■ GIVEN MATERIAL:
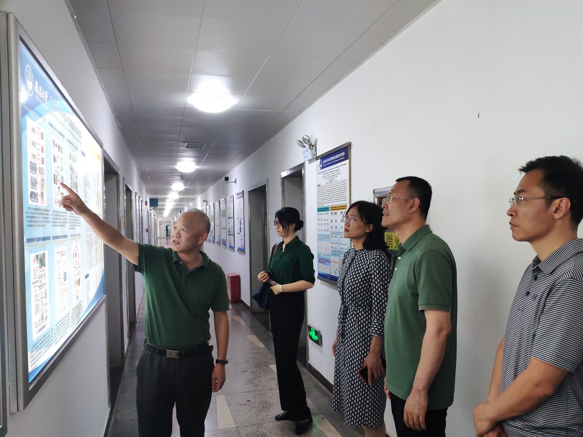 胡燕霞一行在南昌大学食品科学与技术国家重点实验室副主任熊涛的带领及介绍下参观了食品科学与技术国家重点实验室。
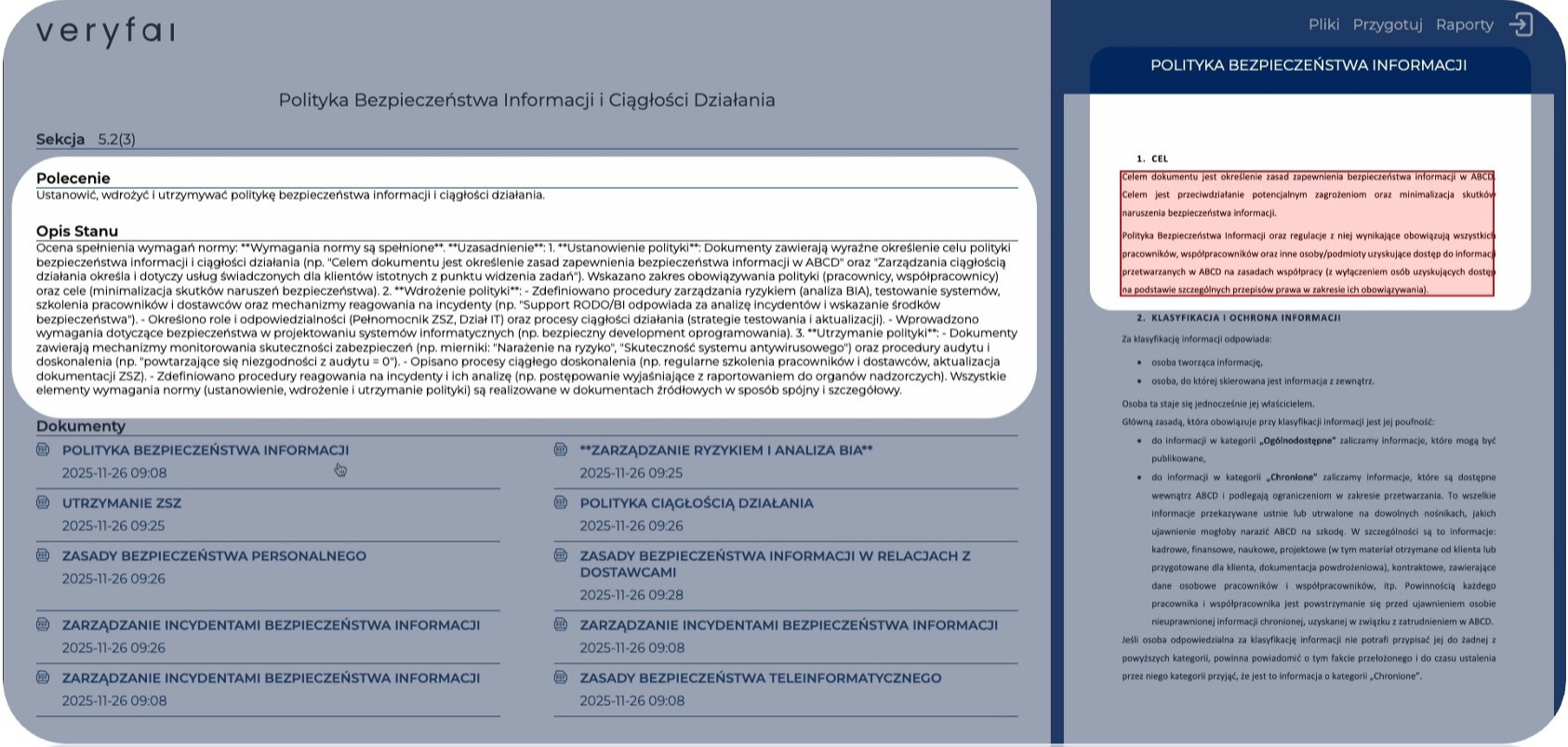 VERYFai zapewnia precyzyjne wyszukiwanie zapisów oraz bezpośrednie odniesienia do konkretnych punktów norm i regulacji. Każda odpowiedź opiera się na zweryfikowanych treściach dokumentów, z uwzględnieniem kontekstu funkcjonowania organizacji, co wspiera świadome i odpowiedzialne decyzje.
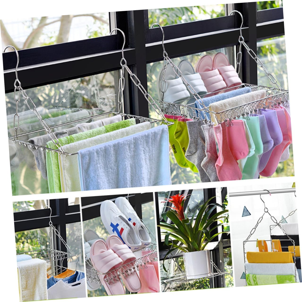 Package Include 1 x Drying Rack Characteristics -Product Info:Balcony sock drying rack - Material: Stainless steel. - Color: Silver. - Adjustable design for easy storage and space-saving clothes dry rack. - It is made of stainless steel, which is and anti-rust, sturdy and not easy to be out of shape drying racks. - It has large storage capacity, so can meet your daily needs clothing dry rack. - Suitable for inside or outside use, this hanging rack can be utilized in the laundry room, or on your balcony clothes drying racks. - Because of this special design, it prevents from falling off clothing racks for drying clothes.Goods Informationdrying racks It is perfect for hanging socks, towels, etc.pants hangers material can ensure its durability and practicability.multi-functional drying rod This item is a multifunctional sock hanger, manufactured with premium stainless steel material, so that it can serve you for many years
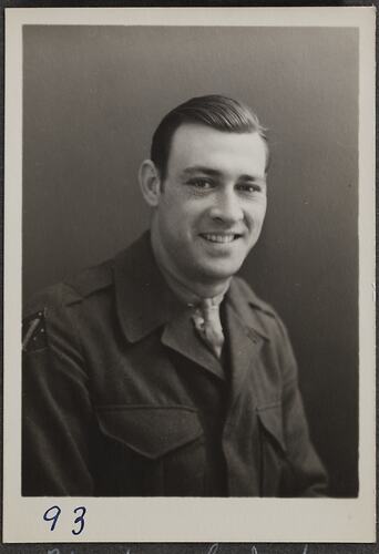 This is one of many portraits in an album of military and naval personnel who visited the Kodak Australasia Pty Ltd factory during World War II, 1939-1945.

■ WHAT IS EXPECTED: Nothing but the text is wanted: repeat the data above exactly, without its images.

■ SOLUTION TO THE PROBLEM:
 胡燕霞一行在南昌大学食品科学与技术国家重点实验室副主任熊涛的带领及介绍下参观了食品科学与技术国家重点实验室。
 VERYFai zapewnia precyzyjne wyszukiwanie zapisów oraz bezpośrednie odniesienia do konkretnych punktów norm i regulacji. Każda odpowiedź opiera się na zweryfikowanych treściach dokumentów, z uwzględnieniem kontekstu funkcjonowania organizacji, co wspiera świadome i odpowiedzialne decyzje.
 Package Include 1 x Drying Rack Characteristics -Product Info:Balcony sock drying rack - Material: Stainless steel. - Color: Silver. - Adjustable design for easy storage and space-saving clothes dry rack. - It is made of stainless steel, which is and anti-rust, sturdy and not easy to be out of shape drying racks. - It has large storage capacity, so can meet your daily needs clothing dry rack. - Suitable for inside or outside use, this hanging rack can be utilized in the laundry room, or on your balcony clothes drying racks. - Because of this special design, it prevents from falling off clothing racks for drying clothes.Goods Informationdrying racks It is perfect for hanging socks, towels, etc.pants hangers material can ensure its durability and practicability.multi-functional drying rod This item is a multifunctional sock hanger, manufactured with premium stainless steel material, so that it can serve you for many years
 This is one of many portraits in an album of military and naval personnel who visited the Kodak Australasia Pty Ltd factory during World War II, 1939-1945.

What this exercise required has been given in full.